Serving Clovis, Portales and the Surrounding Communities
Since exotic trips to Dallas, Albuquerque and Galveston are usually beyond my means, small trips become mini-vacations.
Over Labor Day weekend, I traveled to Levelland in West Texas to visit Chance, my former black wiener/Lab foster dog.
Leaving Portales at 6 a.m. to arrive by 9 a.m. to greet a cable guy scheduled between then and 1 p.m., Chance’s barking woke me up when the dude arrived at 4:30 p.m.
Between Dora and Morton, Texas, I read a sign about Buffalo Soldiers (African-Americans) getting lost without water for four days while attempting to drive Comanches back to their Oklahoma reservation. Four soldiers died of thirst.
Near a home with a confederate flag, I stopped for an idling motorcyclist. I was relieved he gave a thumb-up because his tattoos and garb made me nervous about getting out.
A welcome sign in Morton read, “Home of the Fighting Indians and Maidens.” This offended me. I have never known a maiden to fight.
Handwritten names and ranks on an automotive garage, presumably listing the town’s veterans, was headlined, “Our prayers, love and support are with this generation of the brave…”
“The New York Store,” shuttered, was apparently too cosmopolitan.
A convenience store clerk wouldn’t cut a man slack for lacking two pennies. When I provided it, the customer shook my hand like I’d invented a cure for pettiness.
Then I lacked a penny for flavored water, so — out of spite — I gave the clerk a $20.
In Whiteface (population: 449) — rivals with the Indians? — I got buzzed by a yellow crop duster. Since I drive a Japanese car, I worried he might be having a flashback.
Outside the automotive section at a big-box store in Levelland, I discussed a $21,000 trike motorcycle with the 70ish bearded Jim. With his wife, he was going to ride up to 85 mph for a three-week trip to the East Coast.
Maria, a 30ish Mexican waitress at a Mexican restaurant, didn’t seem concerned (at the time) about Deferred Action for Childhood Arrivals (DACA) as I asked her if she took classes at South Plains College in town. When she said no, I felt bad for insinuating waitressing wasn’t enough.
Jean, 24, an SPC student from Estonia, was fascinated by American students wearing shorts.
At the SPC equine grounds a sign warned participants the college was not responsible for their deaths.
A white woman told me about her German Shepherd scaring off a “big black man” breaking into her furniture store.
Two white teenage boys walked into a rundown garage with skateboards and guitars — a true garage band.
Richard’s BBQ is open from 11 a.m. until “Sold Out.” The 60ish black man, smiling through gold teeth, said the secret to his famous peach cobbler is, “My wife makes it.”

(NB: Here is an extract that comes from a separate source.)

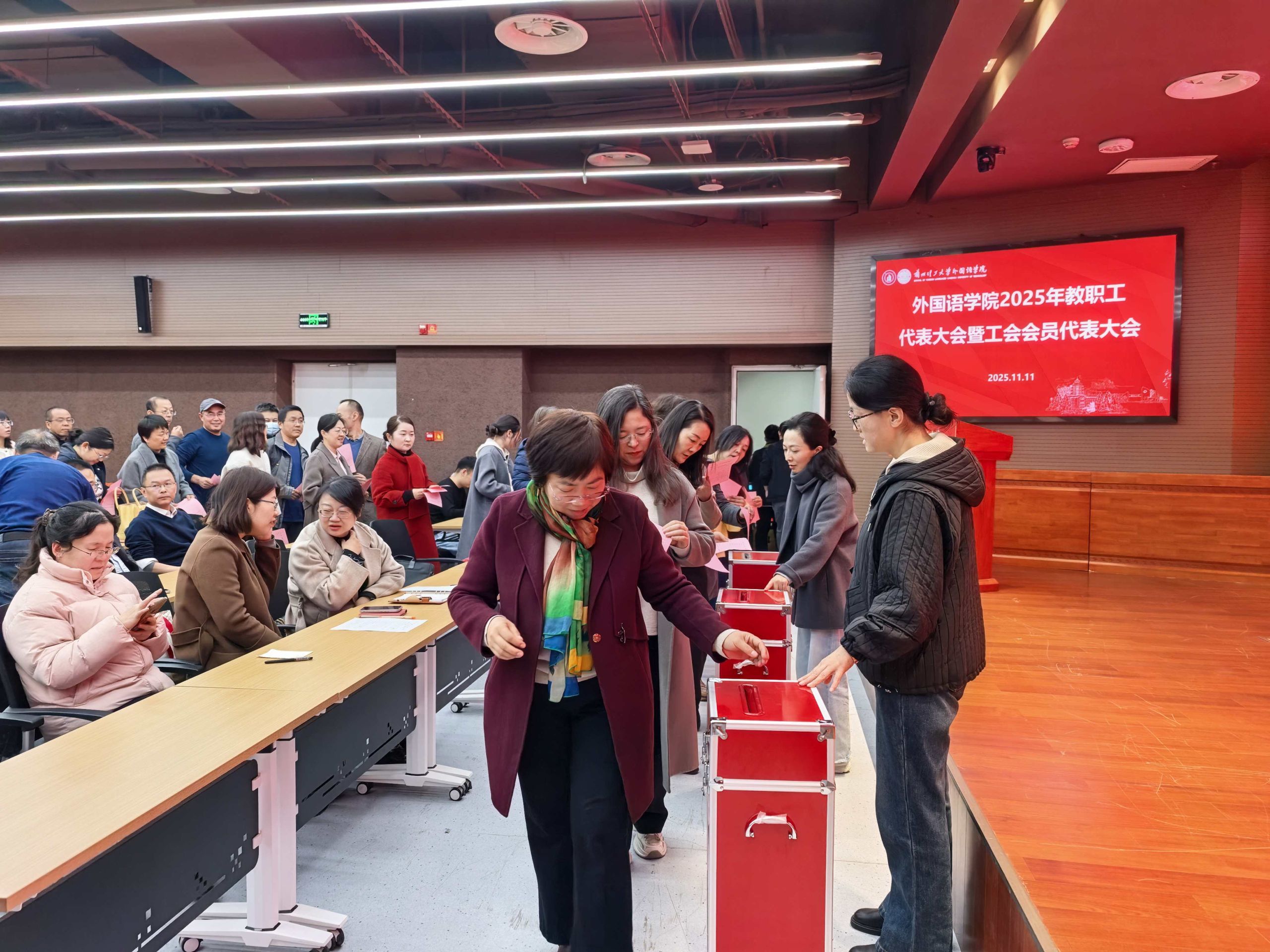 11月11日,外国语学院2025年教职工代表大会暨工会会员代表大会在彭家坪校区问鼎堂109报告厅隆重召开,学院全体教职工代表参加会议。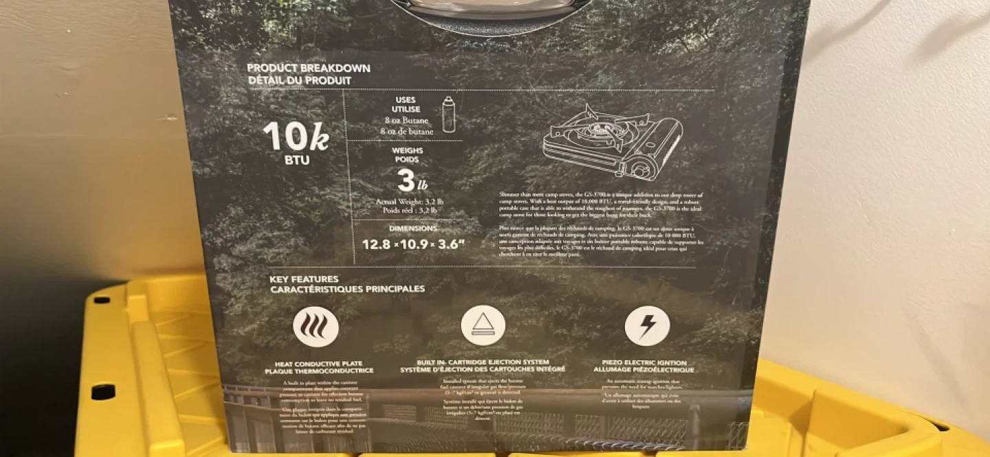 60Selling a GAS ONE GS-3700 portable butane camp stove, perfect for camping or outdoor cooking! It comes with butane gas canisters. The stove features a heat conductive plate, a built-in cartridge ejection system, and piezo electric ignition. It delivers 10K BTU. Dimensions are 12.8 x 10.9 x 3.6 inches. Comes with the original box

A mailbox resided inside a green, rubber largemouth bass.
Levelland is also home to the “Portales Select Peanut Company,” the “I Don’t Know” restaurant and a black tin cat that scared Chance.
Returning between Dora and Portales, a neckless, waist-up scarecrow wearing a bluish-plaid shirt — arms outstretched in a desert-brush field — with a red hardhat for a head capped my 180-mile round-trip vacation.